Vidrado - Um apeixonado!
- Jerusa Furbino
- 25 de jul.
- 2 min de leitura

Vidrado - Um apeixonado!
Crônica de Jerusa Furbino
Era pra ser só um almoço de domingo. Nada demais. A casa dos amigos era simples, eles também - gente boa, riso fácil. Um encontro leve: conhecer novas pessoas pra mim, rever velhos amigos pro meu namorado.
Logo que entrei, vi um aquário encostado na parede. Pequeno. Com um peixe grande lá dentro. Mas, sinceramente, não dei muita bola. Afinal, havia duas gatas esparramadas no sofá, um cachorro elétrico que parecia ter bebido café, e uma menina sorridente que surgiu com um periquito no ombro, me apresentando o bichinho como quem apresenta uma celebridade esquecida. O peixe ali era só mais um elemento no zoológico doméstico.
Enquanto os homens saíam para comprar cerveja e petiscos, eu fiquei com a esposa do amigo. Conversa boa, daquelas que fluem fácil: livros, trabalho, filhos, vida. A tarde escorreu preguiçosa, o almoço quase virou jantar.
Foi só quando me sentei para comer que as coisas começaram a sair do roteiro.
Poc. Um som seco no vidro. Olhei de lado. O peixe, o mesmo de antes, que até então parecia mais decorativo do que vivo, me encarava. Olhos redondos, fixos, atentos. Achei que fosse acaso. Voltei ao prato.
Poc. Outra cabeçada. Direta, decidida. Na minha direção.
Levantei. Ele me seguiu com os olhos. Sentei em outro lugar. Lá vinha ele nadando rápido, boquinha aberta. Parou bem na minha frente e... poc. Nova batida. Sem cerimônia, sem vergonha. Estava, claramente, me cantando.
Dali em diante, o almoço virou triângulo amoroso. Aonde eu ia, Thanos - sim, o nome dele é Thanos! - me seguia. Se eu ficava em pé, ele vigiava. Se eu me sentava, ele batia no vidro. Uma sedução silenciosa e aquática. Boquinha aberta, como quem quer me dar um beijo, ou me comer viva, difícil dizer. O olhar fixo, vidrado. Literalmente.
Meu namorado, coitado, tentou manter a pose. Mas ali se instalava uma crise diplomática: ele, o oficial; Thanos, o insurgente.
- Daqui a pouco esse peixe quebra o vidro e te morde, disse, tentando parecer brincalhão. Mas eu senti a tensão. A rivalidade. Era oficial: ele agora tinha um concorrente. A tensão estava no ar. No ar e na água.
Todos riram. Disseram que o peixe nunca tinha agido dessa maneira com ninguém, que eu teria que levar o aquário para o peixe não sofrer de amor.

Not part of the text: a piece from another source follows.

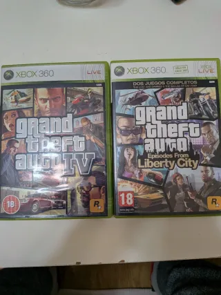 Questo pacchetto include due giochi completi di Grand Theft Auto per Xbox 360. Include guide e poster. Scatola di GTA IV in inglese. Interessa venderli insieme.

Até hoje me pergunto o que aconteceu. Foi meu shampoo? Meu signo? Um carisma especial detectável por peixes carnívoros? Nunca saberei. Só sei que aquele peixe, naquele aquário minúsculo, me encontrou.
E eu encontrei uma história impossível de contar sem parecer doida. Mas real. Intensamente real. Com direito a olhos esbugalhados e batidas apaixonadas no vidro.
Desde então, meu namorado me olha torto toda vez que passo por um aquário.
E eu? Eu só rio.
Afinal, não é todo dia que você vira o amor platônico de um peixe chamado Thanos.